In summary, this study demonstrates that [89Zr]Zr-IL-23p19 antibody enables sensitive and specific PET/MR imaging of intestinal inflammation in a preclinical DSS-induced IBD model. The radiolabeled antibody exhibited excellent radiochemical purity, favorable biodistribution, and superior lesion-to-background contrast compared to the conventional metabolic tracer [18F]FSPG. Quantitative imaging parameters, including SUVmean and lesion-to-muscle ratios, strongly correlated with disease activity, highlighting the potential of [89Zr]Zr-IL-23p19 as a non-invasive biomarker for assessing inflammation severity and progression.

This targeted immuno-PET approach may offer a valuable tool not only for diagnosing and monitoring chronic intestinal inflammation but also for evaluating IL-23, targeted therapeutic strategies. Nonetheless, several limitations should be acknowledged. First, while the DSS-induced colitis model reflects many aspects of human IBD, it does not fully capture the immunological and pathological complexity of the clinical condition, which may affect translational applicability. Second, imaging was performed at fixed time points with a single antibody dose, limiting assessment of optimal imaging windows and dose-response dynamics. Third, the inherent long circulation time and slow clearance of antibody-based tracers, while suitable for preclinical imaging, may pose challenges for clinical use in time-sensitive diagnostic workflows.

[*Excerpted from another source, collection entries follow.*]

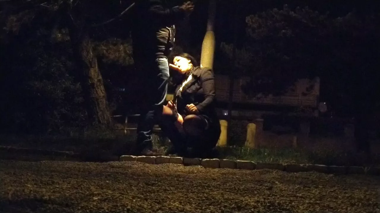 Cock sucking under the night light
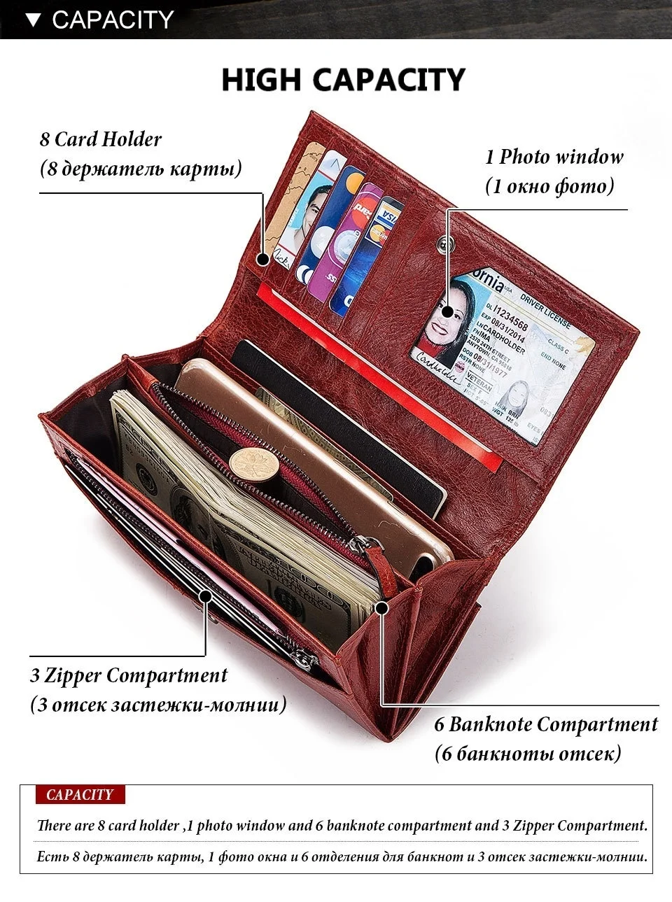 Новинка 2021, женский модный кожаный кошелек, Длинный кошелек из воловьей кожи с несколькими карманами для карт, вместительный клатч с защитой от кражи, кошелек для дам
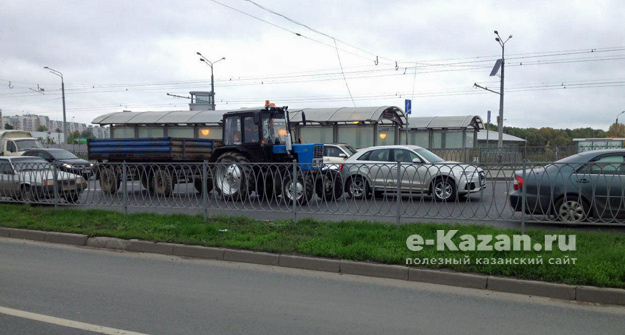 На проспекте Ямашева, рядом с «Казань-Ареной», произошло ДТП с участием трактора. Сельскохозяйственная машина под названием «Беларусь» ударилась об «Audi».

Finally, although IL-23p19 is a critical mediator of IBD pathogenesis, additional inflammatory pathways likely contribute to disease heterogeneity and may warrant further exploration through multiplexed imaging approaches. We also acknowledge that ex vivo intestinal PET imaging would enhance the validation of ROI-derived in vivo PET data and help reduce variability in lesion analysis. While this was not performed in the current study, future work will incorporate ex vivo intestinal PET or organ-level biodistribution analysis to support and extend our in vivo findings. In addition, comprehensive ex vivo biodistribution studies will be essential for accurately quantifying tracer uptake in non-target tissues and for further confirming the specificity of [89Zr]Zr-IL-23p19.

Future studies should also explore the utility of this imaging platform for monitoring therapeutic response, assessing alternative antibody formats (e.g., fragments or nanobodies), and enabling extended time-point imaging to support clinical translation in IBD management.